Co-administration of dexmedetomidine with anaesthetics, sedatives, hypnotics, and opioids is likely to lead to an enhancement of effects, including sedative, anaesthetic and cardiorespiratory effects. Specific studies have confirmed enhanced effects with isoflurane, propofol, alfentanil, and midazolam.
No pharmacokinetic interactions between dexmedetomidine and isoflurane, propofol, alfentanil and midazolam have been demonstrated. However, due to possible pharmacodynamic interactions, when co-administered with dexmedetomidine, a reduction in dosage of dexmedetomidine or the concomitant anaesthetic, sedative, hypnotic or opioid may be required.
Inhibition of CYP enzymes including CYP2B6 by dexmedetomidine has been studied in human liver microsome incubations. In vitro study suggests that interaction potential in vivo exists between dexmedetomidine and substrates with dominant CYP2B6 metabolism.
Induction of dexmedetomidine in vitro was observed on CYP1A2, CYP2B6, CYP2C8, CYP2C9 and CYP3A4, and induction in vivo cannot be excluded. The clinical significance is unknown.
The possibility of enhanced hypotensive and bradycardic effects should be considered in patients receiving other medicinal products causing these effects, for example beta blockers, although additional effects in an interaction study with esmolol were modest.
Incompatibilities: HYDEX infusion should not be co-administered through the same intravenous catheter with blood or plasma because physical compatibility has not been established.
HYDEX has been shown to be incompatible when administered with the following drugs: amphotericin B, diazepam.
HYDEX has been shown to be compatible when administered with the following intravenous fluids: 0.9% sodium chloride in water, 5% dextrose in water, 20% mannitol, Lactated Ringer’s solution, 100 mg/mL magnesium sulfate solution, 0.3% potassium chloride solution.
Compatibility with Natural Rubber: Compatibility studies have demonstrated the potential for absorption of HYDEX to some types of natural rubber.
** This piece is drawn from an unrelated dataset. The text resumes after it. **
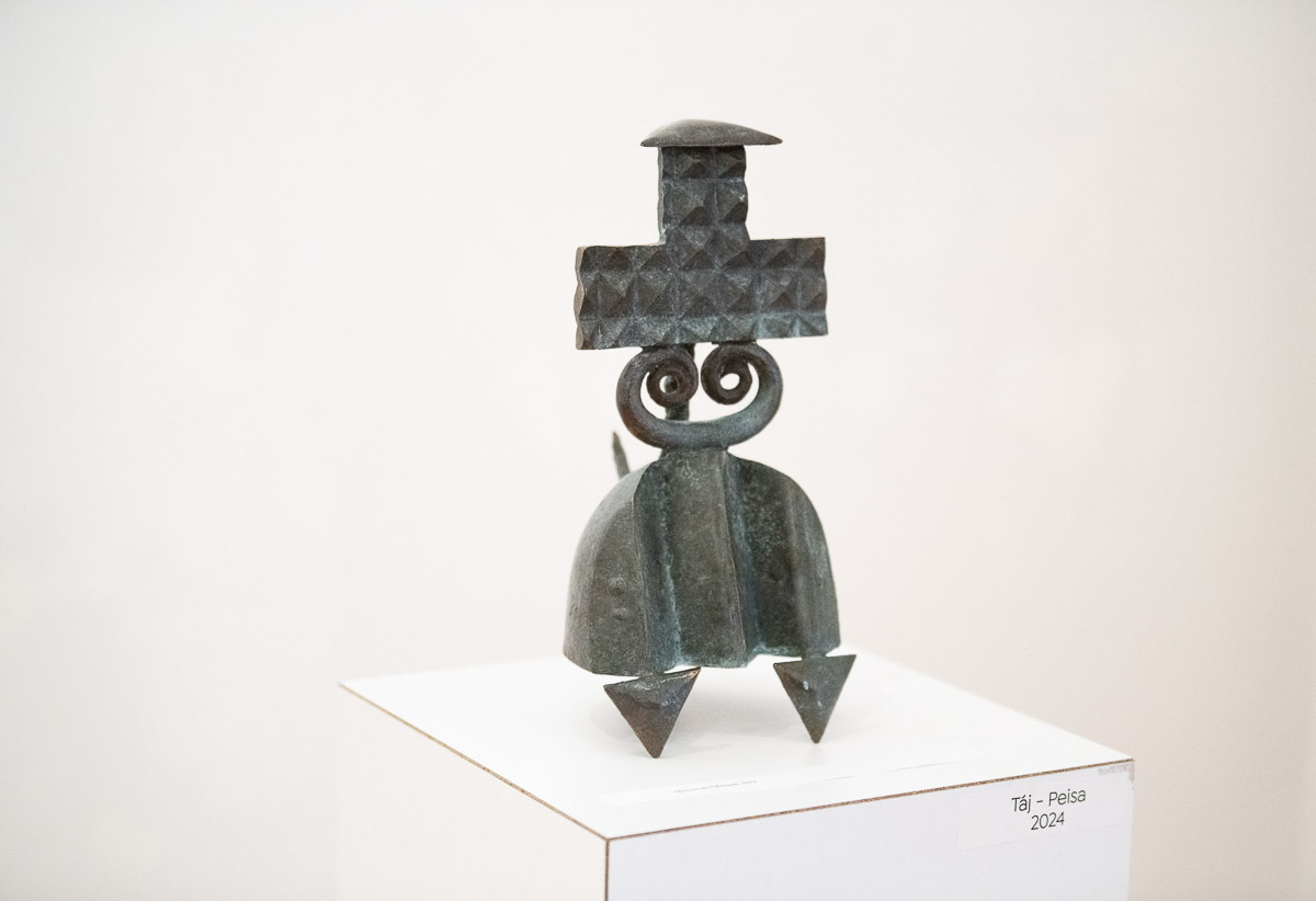 Sánta Csaba több mint három évtizede alkot aktívan, kisplasztikái és köztéri alkotásai az országhatáron túl is ismertek. A Bronz kisplasztikák az archaikum jegyében című retrospektív tárlatot az alkotó kisplasztikáiból állították össze melyeket mára a művész védjegyévé vált stílusjegyek jellemeznek: primitív, ősi kultúrákat megidéző formavilág, tömör, a népies humort sem mellőző játékosság. A művész egyik önvallomásában rámutat: „Kisplasztikáim elemeit nem a közelmúltból, hanem a kultúra és a mítosz mély rétegeiből válogatom. Általában a népművészethez nyúlok vissza, főleg a régi kovácsoltvasak indították el a művészetemet, illetve ezekből ihletődöm sajátos módon. A környékbeli épületek, a népviselet motívumaiból, ornamentikájából.” Az alkotó munkásságát és a tárlatot dr. Szücs György, a Magyar Nemzeti Galéria művészettörténésze méltatta, melyet a Finálé kvartett előadása egészített ki. A kiállítás április 21-ig, hétköznapokon 9–16 óra között látogatható.

Although HYDEX is dosed to effect, it is advisable to use administration components made with synthetic or coated natural rubber gaskets.
Unopened vials: Do not store above 30°C.
Diluted preparation: For storage conditions after dilution of the medicinal product see After dilution as follows.
Shelf-Life: Unopened vial: 3 years.
After dilution: Chemical and physical in-use stability has been demonstrated for 24 hours at 15-30°C.
From a microbiological point of view, the product should be used immediately.
N05CM18 - dexmedetomidine ; Belongs to the class of other hypnotics and sedatives.
Infusion (vial) 100 mcg/mL (clear, colorless solution) x 2 mL x 1's.